◆ **The input**:
****

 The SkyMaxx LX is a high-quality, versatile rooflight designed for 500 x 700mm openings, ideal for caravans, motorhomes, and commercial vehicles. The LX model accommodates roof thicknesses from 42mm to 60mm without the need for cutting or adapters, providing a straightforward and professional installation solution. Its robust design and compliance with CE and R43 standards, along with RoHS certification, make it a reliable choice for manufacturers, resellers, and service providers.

****

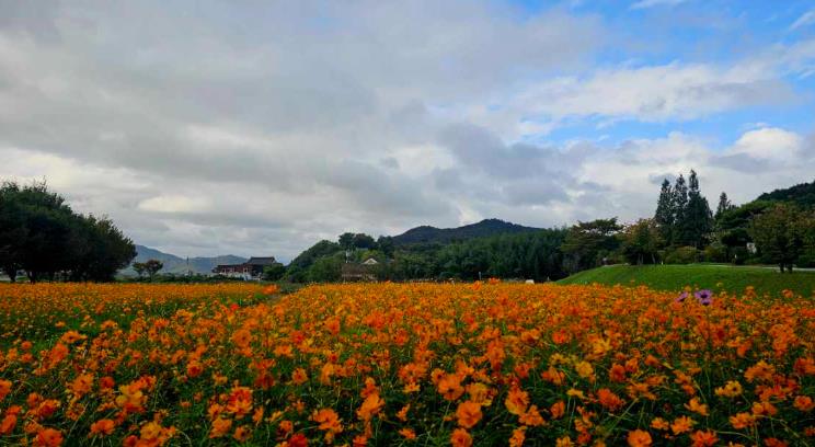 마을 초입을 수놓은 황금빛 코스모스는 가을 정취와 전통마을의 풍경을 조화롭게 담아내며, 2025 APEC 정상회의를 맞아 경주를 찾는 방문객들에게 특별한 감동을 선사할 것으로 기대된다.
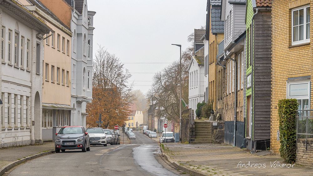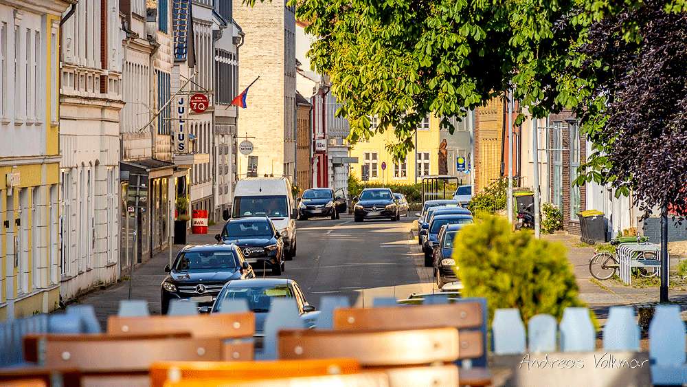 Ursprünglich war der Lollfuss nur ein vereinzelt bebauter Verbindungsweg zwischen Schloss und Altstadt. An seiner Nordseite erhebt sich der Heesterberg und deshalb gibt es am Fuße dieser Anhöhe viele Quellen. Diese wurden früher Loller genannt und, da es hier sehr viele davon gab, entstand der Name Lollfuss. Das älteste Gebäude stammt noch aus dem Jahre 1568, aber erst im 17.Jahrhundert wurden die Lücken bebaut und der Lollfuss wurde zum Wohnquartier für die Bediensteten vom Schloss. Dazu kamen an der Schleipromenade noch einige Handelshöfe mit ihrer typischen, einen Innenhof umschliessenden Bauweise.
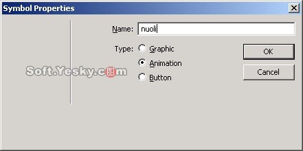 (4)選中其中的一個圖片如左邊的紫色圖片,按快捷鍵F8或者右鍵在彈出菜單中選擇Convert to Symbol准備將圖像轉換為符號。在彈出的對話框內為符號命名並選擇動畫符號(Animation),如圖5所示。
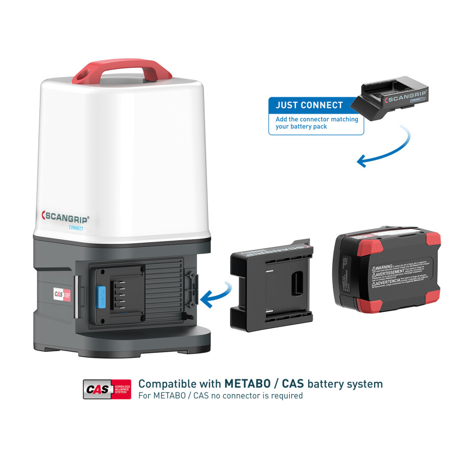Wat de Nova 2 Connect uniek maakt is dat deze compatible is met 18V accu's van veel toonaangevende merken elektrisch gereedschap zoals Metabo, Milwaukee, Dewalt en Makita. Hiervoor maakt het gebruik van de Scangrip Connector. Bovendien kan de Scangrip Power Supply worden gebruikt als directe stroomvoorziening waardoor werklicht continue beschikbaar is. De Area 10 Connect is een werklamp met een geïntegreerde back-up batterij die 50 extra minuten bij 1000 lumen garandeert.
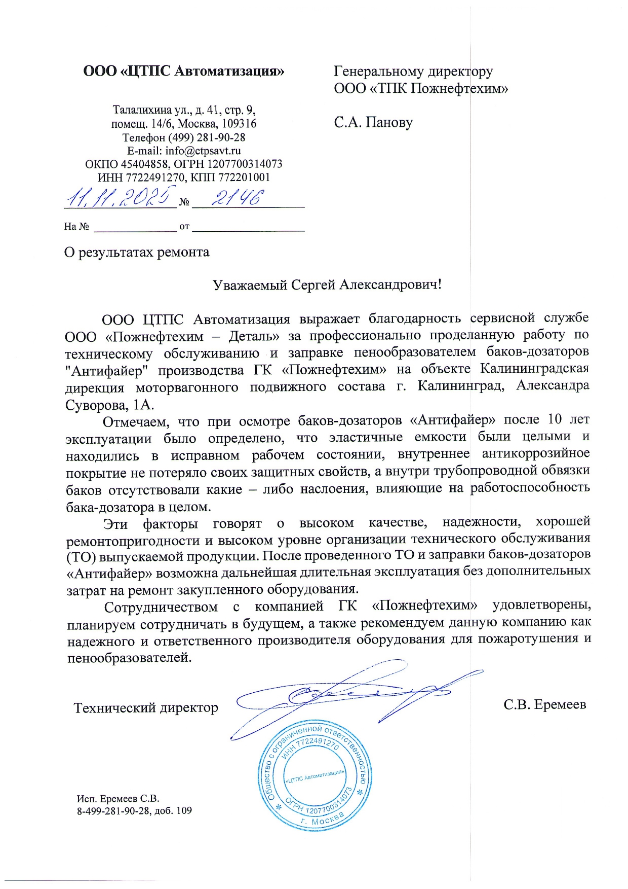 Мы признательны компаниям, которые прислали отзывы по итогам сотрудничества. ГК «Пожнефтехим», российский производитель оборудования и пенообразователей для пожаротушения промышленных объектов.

****

◆ **Work task**:
A clean copy is needed of the lines in the listing above from the one with "Wat de Nova" through the one with "Мы признательны компаниям, которые", exact in every word and free of pictures.

◆ **Worked solution**:
Wat de Nova 2 Connect uniek maakt is dat deze compatible is met 18V accu's van veel toonaangevende merken elektrisch gereedschap zoals Metabo, Milwaukee, Dewalt en Makita. Hiervoor maakt het gebruik van de Scangrip Connector. Bovendien kan de Scangrip Power Supply worden gebruikt als directe stroomvoorziening waardoor werklicht continue beschikbaar is. De Area 10 Connect is een werklamp met een geïntegreerde back-up batterij die 50 extra minuten bij 1000 lumen garandeert.
 Мы признательны компаниям, которые прислали отзывы по итогам сотрудничества. ГК «Пожнефтехим», российский производитель оборудования и пенообразователей для пожаротушения промышленных объектов.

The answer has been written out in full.